____ Supplied data

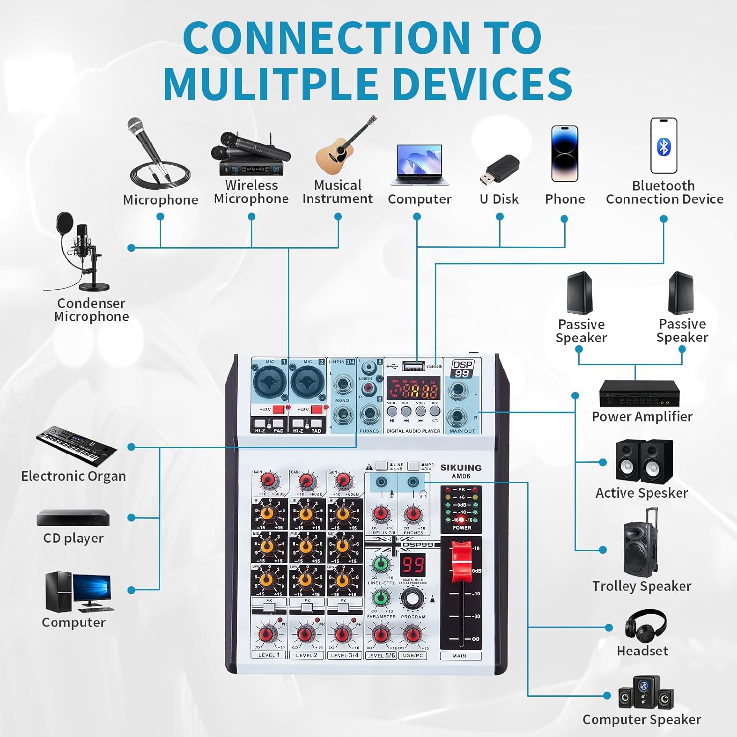 - 【THREE-BAND EQUALIZER WITH 99 DSP EFFECTS】: Rugged metal construction ensures durability and white design creates an elegant look.Easily adjust the high, mid, and low frequencies of each channel with onboard 3-band EQ and gain controls. The built-in soundboard effects processor offers 99 DSP effects for better personal mixing, and you can even add delay or reverb effects to your mix.
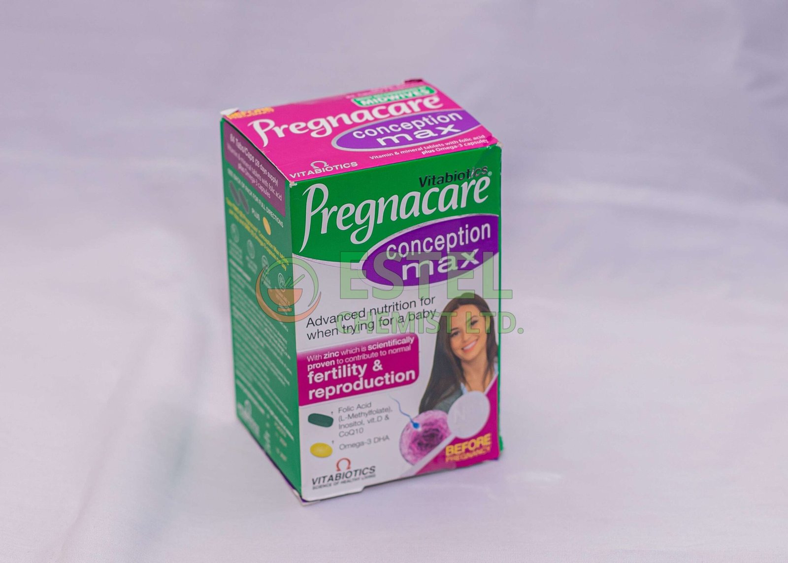 Pregnacare Conception Max is a specially formulated nutritional supplement designed to support women who are trying to conceive. It contains a comprehensive blend of vitamins, minerals, and Omega-3 fatty acids that help prepare the body for pregnancy and support reproductive health. Key ingredients include Folic acid, Vitamin D, Zinc, and DHA, which work together to support fertility and healthy early fetal development.
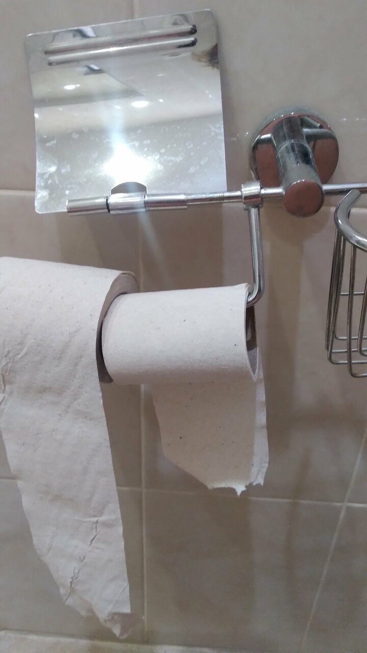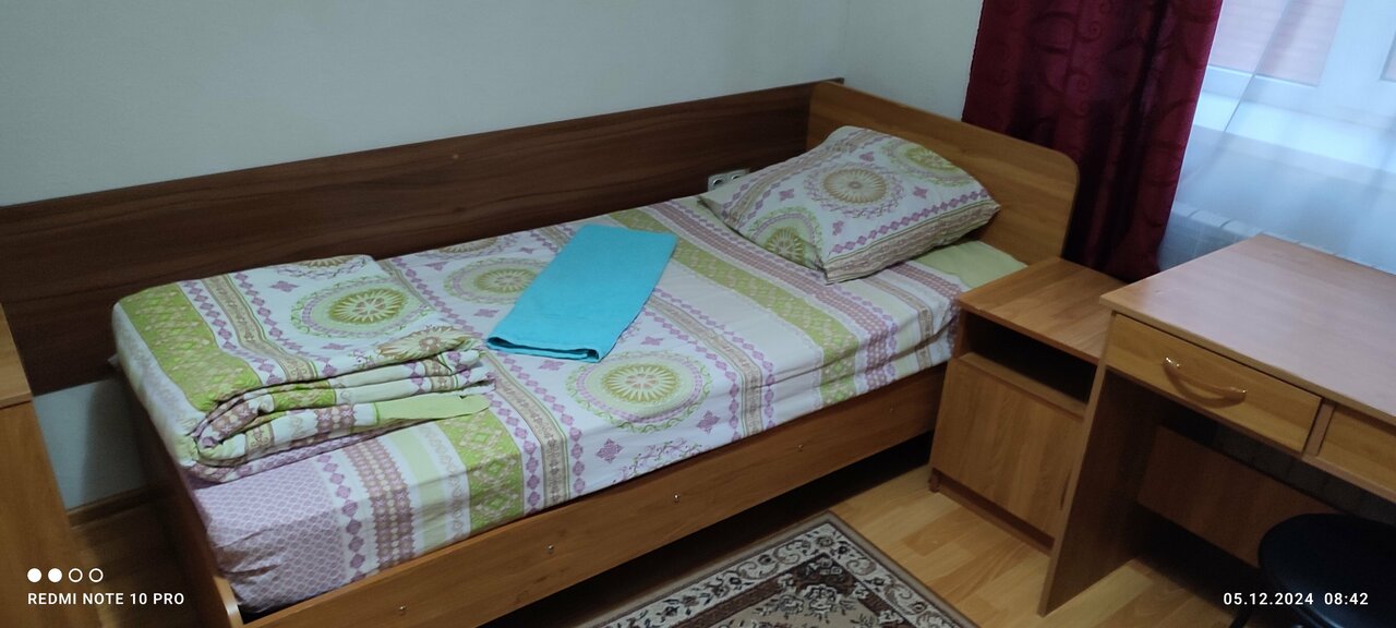 Ночевали в ожидании рейса от уральских авиалиний, матрасы пружинами в ребра упирались, пришлось подкладывать махровое полотенце. Постельное белье рваное… Поддон в душе ржавый протертый. Всё старое.
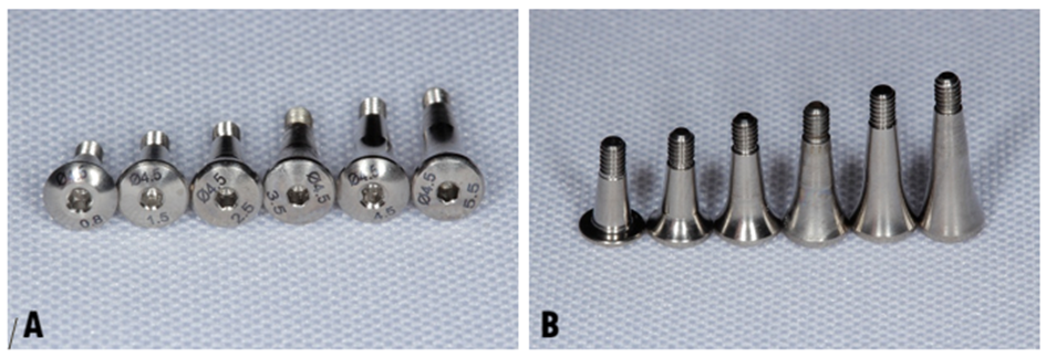 Figura 5 – Em A e B temos as vistas do cicatrizador pré-fabricado de 4.5mm de diâmetro com suas respectivas alturas de cintas metálicas (0.8/1.5/2.5/3.5/4.5/5.5) a serem escolhidas de acordo com a altura do tecido gengival existente.
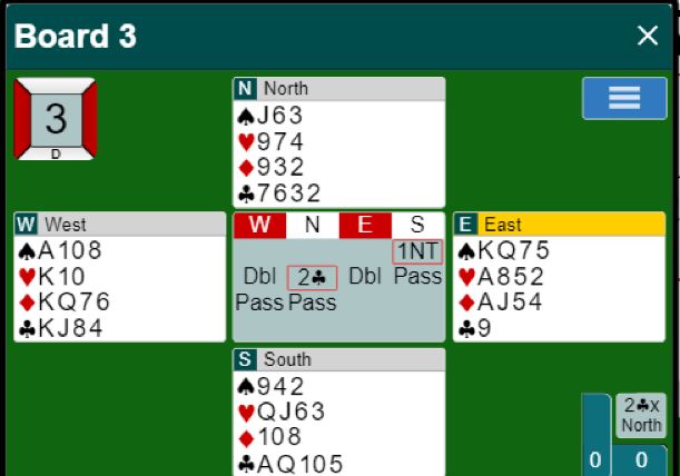 Vest spilte ut spar konge til esset. Så kom ruter fra nord. Med åpne kort ser man at 3NT kan betes. Da må øst gå på med honnør idet ruter spilles fra nord. Øst får i så fall to raske inntak i ruter og kan idet han kommer inn på det første ruterstikket skifte til kløver. Spillefører rekker ikke å få tak i mer enn 1+5+1+1 = 8 stikk. Men øst kan neppe kritiseres veldig for ikke å legge i stor ruter da det godt kan hjelpe spillefører til å løse ruteren best mulig for han. Og øst aner ikke så mye om hvordan resten av kortene ser ut. Så øst la liten ruter, og spillefører vant stikk for ruter 7. Med to ruterstikk i boks behøvde spillefører kun ett kløverstikk for å komme til ni stikk (1+5+2+1=9). Dermed ble det +600 til N/S ved det bordet som sammen med 140 ga 12 IMP ut for det norske laget.
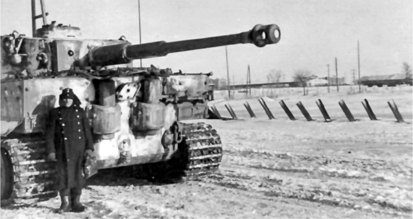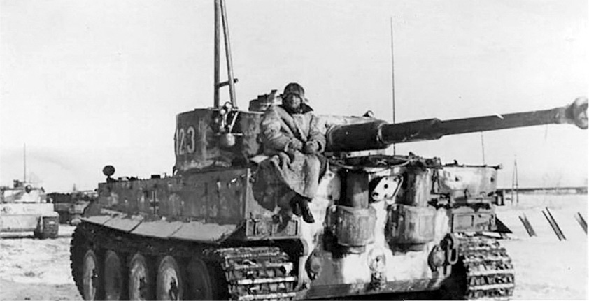 Немецкий солдат позирует на «Тигре» с бортовым номером 123 (машина из 1-й роты батальона)..
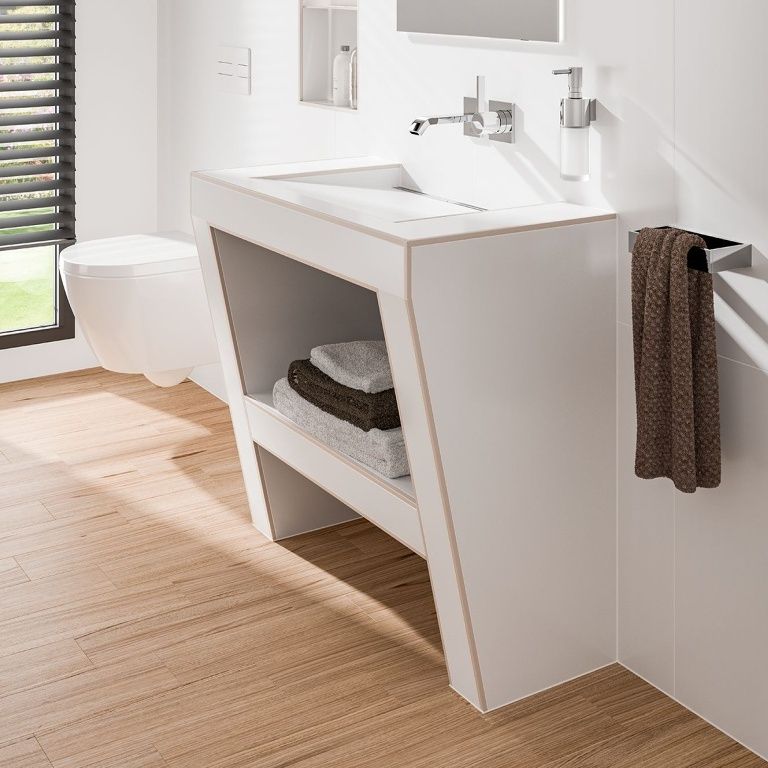 Schlüter-KERDI-BOARD-W je prefabrikovaný vestavný prvek pro vytvoření samostatného umyvadla s odkládací plochou pro přívod vody pomocí přívodní armatury pro montáž na stěnu. Je vyrobený z multifunkčního podkladu pro pokládku obkladů a dlažeb Schlüter-KERDI-BOARD lze jej přímo obkládat obklady a dlažbou do tenké vrstvy lepidla.
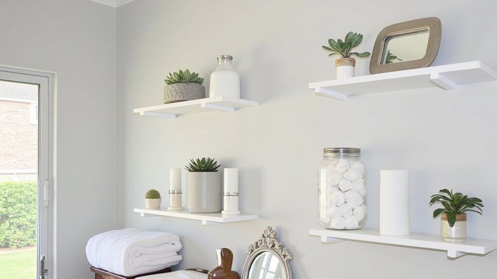 While a powder room might be small, adding floating wall shelves can transform it into a stylish and functional space. You’ve got limited room, so go vertical! Install shelves about 12 inches apart, starting 18 inches above the toilet, using a level for precision.
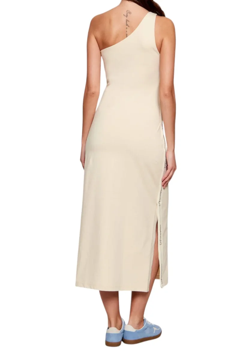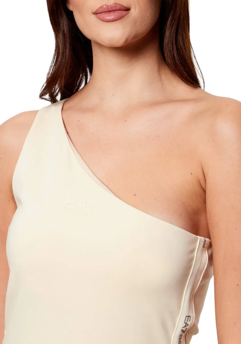 Vestito lungo mono spalla EA7 donna con banda laterale logata. Realizzato in misto cotone
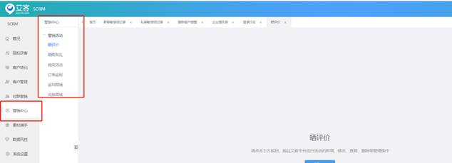 營銷活動主要包含以下功能場景(曬評價、曬圖有禮、訂單返利、返利商城、抽獎活動、兌換商城)該功能目前是基于艾客公眾號后臺操作設置;設置成功后,通過pc端發送對應活動給到粉絲參與
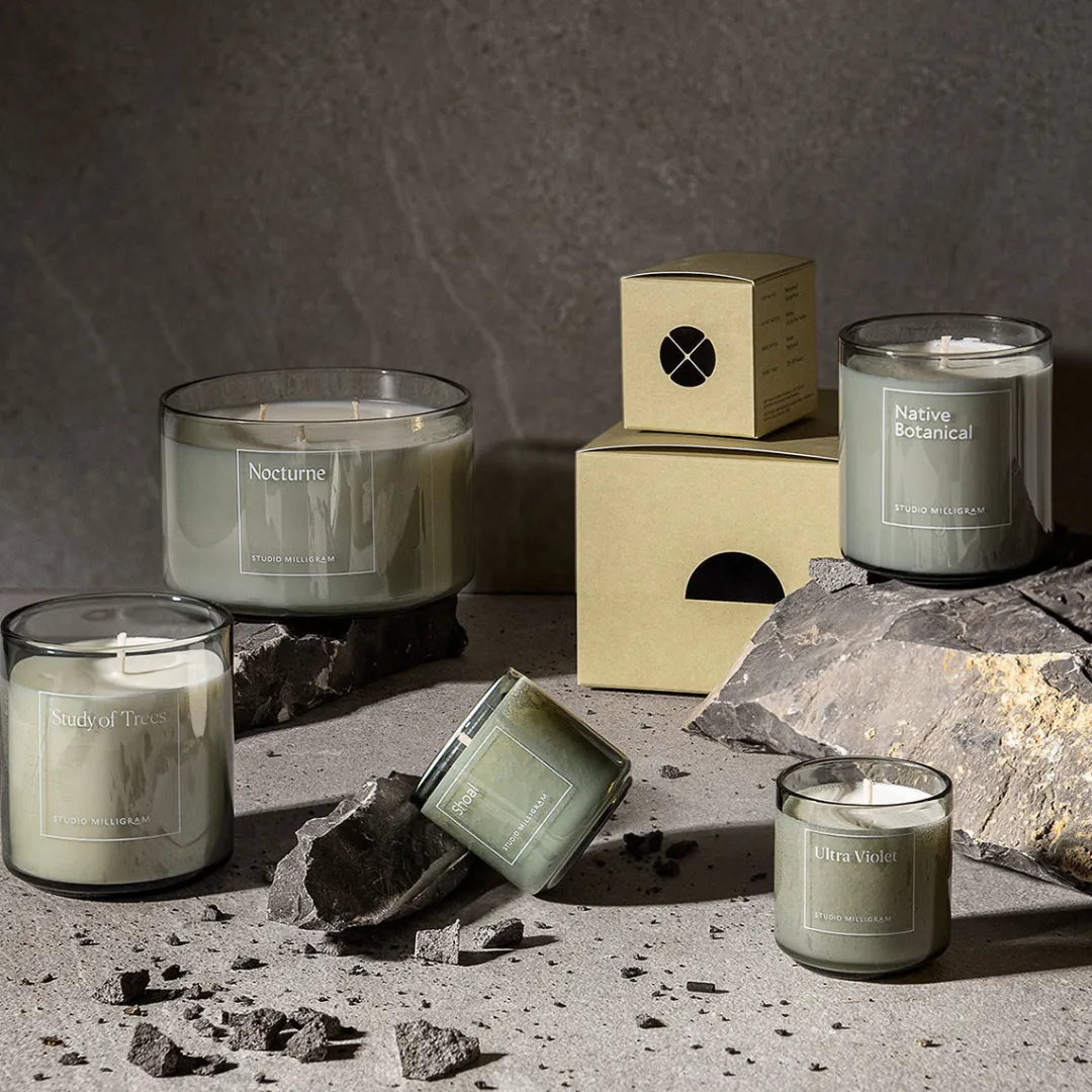 Native blooms collected by hand. Oils from branches, leaves and blossoms pepper the air and kiss the skin. Sculptural, fresh and bright. Let the intoxicating scents of Australia’s wildest regions slowly unfurl around you with Studio Milligram’s Native Botanical Scented Candle.
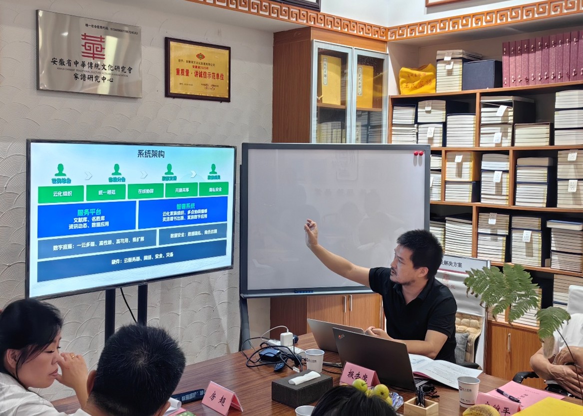 座談會(huì)上,上海潤方智譜科技有限公司總經(jīng)理程石磊詳細(xì)介紹了《中華房氏總譜》編修實(shí)施方案,他從編修原則、資料收集、體例規(guī)范等方面進(jìn)行了全面闡述,展示了編修工作的嚴(yán)謹(jǐn)性和科學(xué)性。隨后,潤方文化集團(tuán)軟件技術(shù)總監(jiān)劉良權(quán)就《中華房氏總譜》數(shù)字化解決方案進(jìn)行了匯報(bào),他通過技術(shù)演示,展示了數(shù)字化平臺(tái)在信息存儲(chǔ)、檢索、更新等方面的優(yōu)勢(shì),為傳統(tǒng)修譜工作注入了現(xiàn)代科技力量。
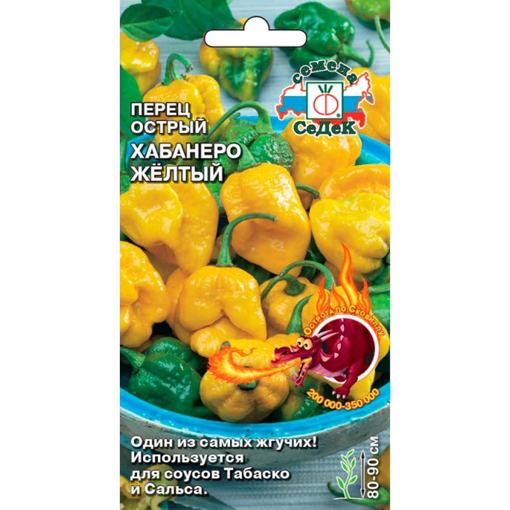 Среднеспелый (110-115дней) сорт родом из Мексики, выращивается в теплицах и пленочных укрытиях. Растение прямостоячее, мощное, высотой 80-90 см. Плоды морщинистые, по форме напоминают фонарики, длиной 4-5 см, шириной 2-3 см, массой 30-50 г, в технической спелости светло-зеленые, в биологической – ярко-желтые, отличаются высокой остротой и ярко выраженным перечным вкусом, и неповторимым ароматом, присущим только данному сорту. Ценность сорта: неприхотливость выращивания, высокая урожайность, обильное и продолжительное плодоношение, с одного куста можно получить более 900 штук плодов. Степень остроты по шкале Сковилла составляет от 200000-350000, это один из самых жгучих перцев, который является основным ингредиентом в известных соусах Табаско и Сальса. Все разновидности перцев «Хабанеро» богаты алкалоидами (капсаицином), витаминами А, В, С, D, микроэлементами (йод, калий, железо, марганец, медь, кальций, натрий). Имеют обезболивающее и антибактериальное действия, ускоряют метаболизм. Это отличный антиоксидант,
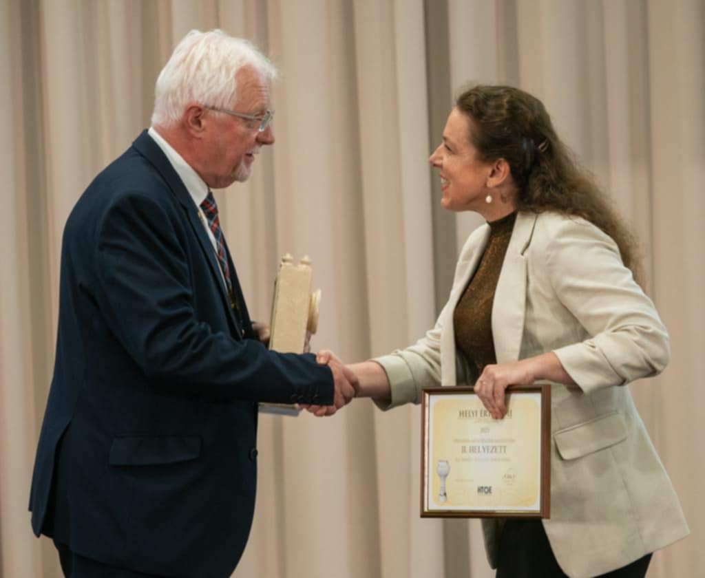 A díjátadón díszoklevelet nyújtott át Lovass Tibor, a HTOE elnöke Kozák Polett ügyvezető-főszerkesztőnek, melyben köszöntötték az idén 40 éves születésnapját ünneplő Kecskeméti Televíziót.

________

» **Task goal**
Each entry must be retyped word for word, with every image omitted.

» **Task output**
 - 【THREE-BAND EQUALIZER WITH 99 DSP EFFECTS】: Rugged metal construction ensures durability and white design creates an elegant look.Easily adjust the high, mid, and low frequencies of each channel with onboard 3-band EQ and gain controls. The built-in soundboard effects processor offers 99 DSP effects for better personal mixing, and you can even add delay or reverb effects to your mix.
 Pregnacare Conception Max is a specially formulated nutritional supplement designed to support women who are trying to conceive. It contains a comprehensive blend of vitamins, minerals, and Omega-3 fatty acids that help prepare the body for pregnancy and support reproductive health. Key ingredients include Folic acid, Vitamin D, Zinc, and DHA, which work together to support fertility and healthy early fetal development.
 Ночевали в ожидании рейса от уральских авиалиний, матрасы пружинами в ребра упирались, пришлось подкладывать махровое полотенце. Постельное белье рваное… Поддон в душе ржавый протертый. Всё старое.
 Figura 5 – Em A e B temos as vistas do cicatrizador pré-fabricado de 4.5mm de diâmetro com suas respectivas alturas de cintas metálicas (0.8/1.5/2.5/3.5/4.5/5.5) a serem escolhidas de acordo com a altura do tecido gengival existente.
 Vest spilte ut spar konge til esset. Så kom ruter fra nord. Med åpne kort ser man at 3NT kan betes. Da må øst gå på med honnør idet ruter spilles fra nord. Øst får i så fall to raske inntak i ruter og kan idet han kommer inn på det første ruterstikket skifte til kløver. Spillefører rekker ikke å få tak i mer enn 1+5+1+1 = 8 stikk. Men øst kan neppe kritiseres veldig for ikke å legge i stor ruter da det godt kan hjelpe spillefører til å løse ruteren best mulig for han. Og øst aner ikke så mye om hvordan resten av kortene ser ut. Så øst la liten ruter, og spillefører vant stikk for ruter 7. Med to ruterstikk i boks behøvde spillefører kun ett kløverstikk for å komme til ni stikk (1+5+2+1=9). Dermed ble det +600 til N/S ved det bordet som sammen med 140 ga 12 IMP ut for det norske laget.
 Немецкий солдат позирует на «Тигре» с бортовым номером 123 (машина из 1-й роты батальона)..
 Schlüter-KERDI-BOARD-W je prefabrikovaný vestavný prvek pro vytvoření samostatného umyvadla s odkládací plochou pro přívod vody pomocí přívodní armatury pro montáž na stěnu. Je vyrobený z multifunkčního podkladu pro pokládku obkladů a dlažeb Schlüter-KERDI-BOARD lze jej přímo obkládat obklady a dlažbou do tenké vrstvy lepidla.
 While a powder room might be small, adding floating wall shelves can transform it into a stylish and functional space. You’ve got limited room, so go vertical! Install shelves about 12 inches apart, starting 18 inches above the toilet, using a level for precision.
 Vestito lungo mono spalla EA7 donna con banda laterale logata. Realizzato in misto cotone
 營銷活動主要包含以下功能場景(曬評價、曬圖有禮、訂單返利、返利商城、抽獎活動、兌換商城)該功能目前是基于艾客公眾號后臺操作設置;設置成功后,通過pc端發送對應活動給到粉絲參與
 Native blooms collected by hand. Oils from branches, leaves and blossoms pepper the air and kiss the skin. Sculptural, fresh and bright. Let the intoxicating scents of Australia’s wildest regions slowly unfurl around you with Studio Milligram’s Native Botanical Scented Candle.
 座談會(huì)上,上海潤方智譜科技有限公司總經(jīng)理程石磊詳細(xì)介紹了《中華房氏總譜》編修實(shí)施方案,他從編修原則、資料收集、體例規(guī)范等方面進(jìn)行了全面闡述,展示了編修工作的嚴(yán)謹(jǐn)性和科學(xué)性。隨后,潤方文化集團(tuán)軟件技術(shù)總監(jiān)劉良權(quán)就《中華房氏總譜》數(shù)字化解決方案進(jìn)行了匯報(bào),他通過技術(shù)演示,展示了數(shù)字化平臺(tái)在信息存儲(chǔ)、檢索、更新等方面的優(yōu)勢(shì),為傳統(tǒng)修譜工作注入了現(xiàn)代科技力量。
 Среднеспелый (110-115дней) сорт родом из Мексики, выращивается в теплицах и пленочных укрытиях. Растение прямостоячее, мощное, высотой 80-90 см. Плоды морщинистые, по форме напоминают фонарики, длиной 4-5 см, шириной 2-3 см, массой 30-50 г, в технической спелости светло-зеленые, в биологической – ярко-желтые, отличаются высокой остротой и ярко выраженным перечным вкусом, и неповторимым ароматом, присущим только данному сорту. Ценность сорта: неприхотливость выращивания, высокая урожайность, обильное и продолжительное плодоношение, с одного куста можно получить более 900 штук плодов. Степень остроты по шкале Сковилла составляет от 200000-350000, это один из самых жгучих перцев, который является основным ингредиентом в известных соусах Табаско и Сальса. Все разновидности перцев «Хабанеро» богаты алкалоидами (капсаицином), витаминами А, В, С, D, микроэлементами (йод, калий, железо, марганец, медь, кальций, натрий). Имеют обезболивающее и антибактериальное действия, ускоряют метаболизм. Это отличный антиоксидант,
 A díjátadón díszoklevelet nyújtott át Lovass Tibor, a HTOE elnöke Kozák Polett ügyvezető-főszerkesztőnek, melyben köszöntötték az idén 40 éves születésnapját ünneplő Kecskeméti Televíziót.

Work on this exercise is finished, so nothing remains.